Johnson v. Sheriff, Washoe CountyAnnotate this Case
511 P.2d 1051 (1973)
Keith JOHNSON, Appellant, v. SHERIFF, WASHOE COUNTY, Nevada, Respondent.
Supreme Court of Nevada.
July 9, 1973.
Rehearing Denied August 23, 1973.
Robert A. Grayson, Carson City, for appellant.
Robert List, Atty. Gen., Carson City, Robert E. Rose, Dist. Atty. and Alvin J. Hicks, Deputy Dist. Atty., Reno, for respondent.OPINION
At the conclusion of a preliminary examination charges of third degree arson (NRS 205.020) and arson with intent to defraud an insurer (NRS 205.030) were dismissed against appellant. Twelve days after the charges were dismissed in the justice court, the Washoe County Grand Jury returned an indictment charging appellant with the identical offenses. A pre-trial habeas challenge to the indictment was denied and in this appeal appellant contends (1) the dismissal of the charges in the justice court proscribes the subsequent indictment, and (2) there was insufficient evidence submitted to the grand jury to establish probable cause to hold him for trial. The latter contention is not seriously argued and is summarily rejected.
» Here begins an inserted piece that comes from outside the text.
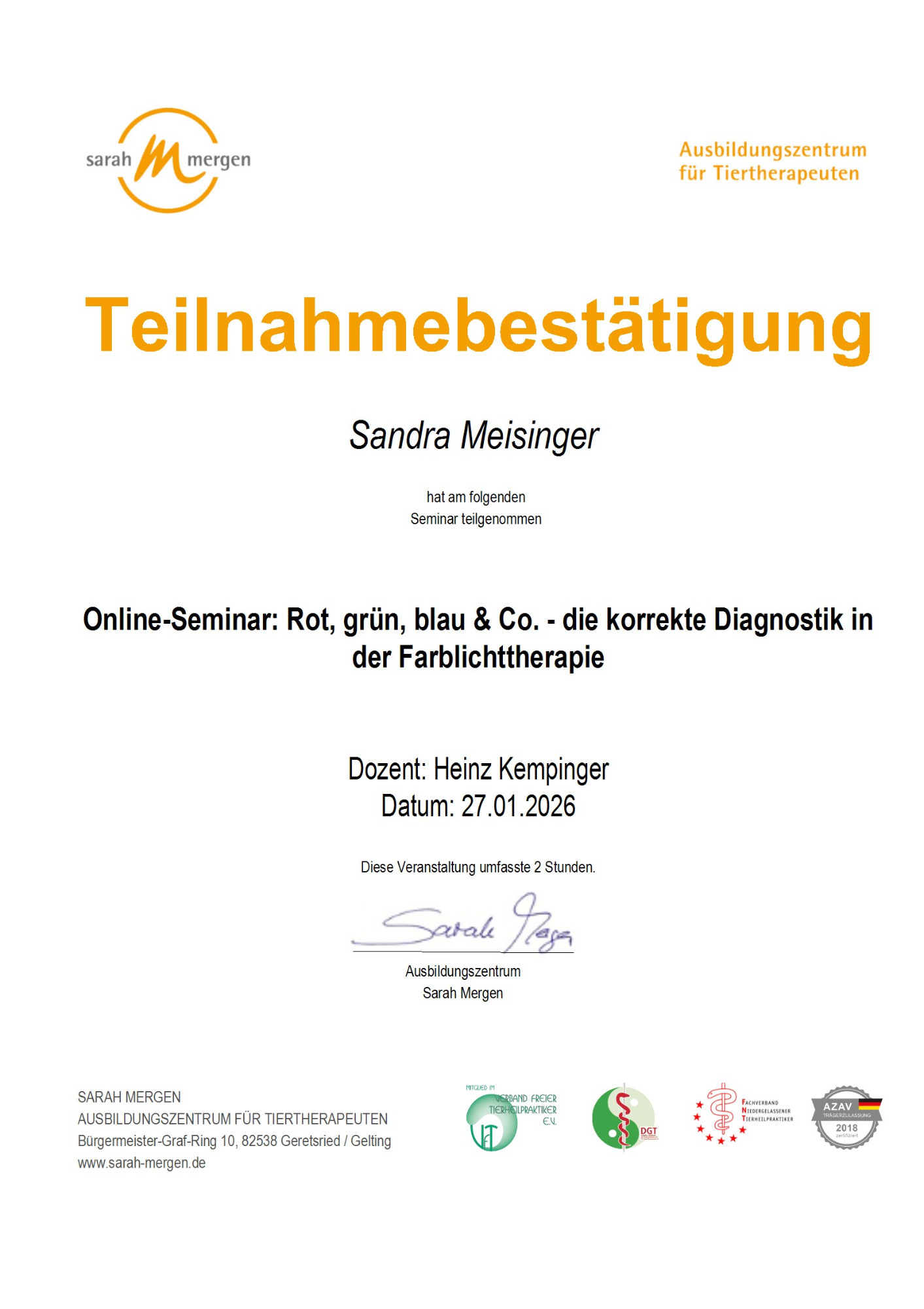 Nach und nach kommen hier meine Zertifikate und Teilnahmebestätigungen rein.

The instant charges arose out of a scheme to burn a slightly damaged automobile and collect its full value from an insurance carrier. The owner of the vehicle paid appellant and Robert Gentlemen $200.00 to burn the automobile, which they did. Gentlemen, having been granted immunity from prosecution, implicated appellant when he testified at the preliminary examination and before the grand jury. The parties concede that Gentlemen was an accomplice in the illegal activity.
The dismissal of the proceedings in the justice court, according to the magistrate, was because the testimony of the accomplice [Gentlemen] was not corroborated. When the charges were subsequently submitted to the grand jury an additional witness was called and his testimony corroborated the incriminating testimony given by Gentlemen.
The thrust of appellant's central argument suggests the failure of the prosecutor to produce a corroborating witness at the preliminary examination is equivalent to the "conscious indifference to rules of procedure affecting a defendant's rights" we condemned in State v. Austin, 87 Nev. 81, 482 P.2d 284 (1971), and the "willful disregard" *1052 of appellant's rights that existed in Hill v. Sheriff, 85 Nev. 234, 452 P.2d 918 (1969), and in Maes v. Sheriff, 86 Nev. 317, 468 P.2d 332 (1970).
The district court rejected the same argument and we find no error in its factual determination that the state had not exhibited willful disregard of, or conscious indifference to, appellant's rights.